Can you get more blade on the engine fan, and build a corrugated pre filter, something that will catch some dust?

I know that sounds to simple, but it starts out fine, you may have to stop every hour to blow it out when it get real hot in the dead of summer.


----------



## kkottemann (Jun 21, 2009)

thats a good idea! I will look into it. I pretty much do stop every hour or so...the problem is after 4 hours or so it heats up too fast after a break to have a productive day. I am going the get the screen put on the back door this weekend and we will see hot much that helps.


----------



## HorseShoeInFork (Jun 22, 2009)

Is there a reversing fan option for that 299? I run a Case 621D loader and it has one. Idle the engine down, press a switch and it reverses the hydro flow to the fan blade. Blows all the crap out and you go at it again.

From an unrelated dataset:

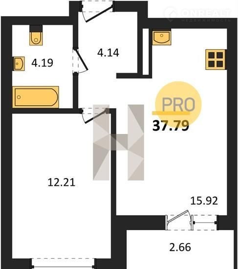 Общая площадь 37.8 м2

> An optional reversible fan is available for purging dust and debris in adverse environments.



http://www.cleanfix.org/us_i_ein.html


----------



## spencerhenry (Jun 24, 2009)

my buddy runs a fecon on a cat skidsteer, has the same overheating problems. my theory is that it is not so much the load on the motor, but rather the heat being generated by the hydraulics. most machines have a oil cooler built in with the radiator, or a heat exhanger both or which put alot of heat into the water of the motor. my thought is to take the heat out of the hydraulic oil and the water temp will come down too.


----------



## kkottemann (Jun 24, 2009)

you are correct. the oil cooler and radiator are all in one. so heat is transfered which is part of the problem.. Hot dry weather, limited air in the motor and excessive workload for the hydrolics are all factors. I droped it off at the shop today for the screen in the back door, hopefully this will help with the air flow issue. Some rain would help with the dust and cool it off 10 degrees or so and finally a more efficient mulching head will all contribute to a better running machine. If not.....its gone!


----------



## redprospector (Jun 25, 2009)

Even having to stop and clean out the cooling system real frequently, I figure it's better than running around trying to be productive with a 12" chipper (like I used to). :bang:

Andy


----------



## Zombiechopper (Jun 25, 2009)

I fabricated custom cooling systems for five years. I've built lots of replacement stuff for all makes of HD equipment. Basically,. the stock cooling on most new stuff is just adequate. The problems you are having happen in lots of industries in lots of different equipment. 

couple suggestions

1) Recore the radiator with a core that cools better. Almost every factory rad can be rebuilt to cool much better. 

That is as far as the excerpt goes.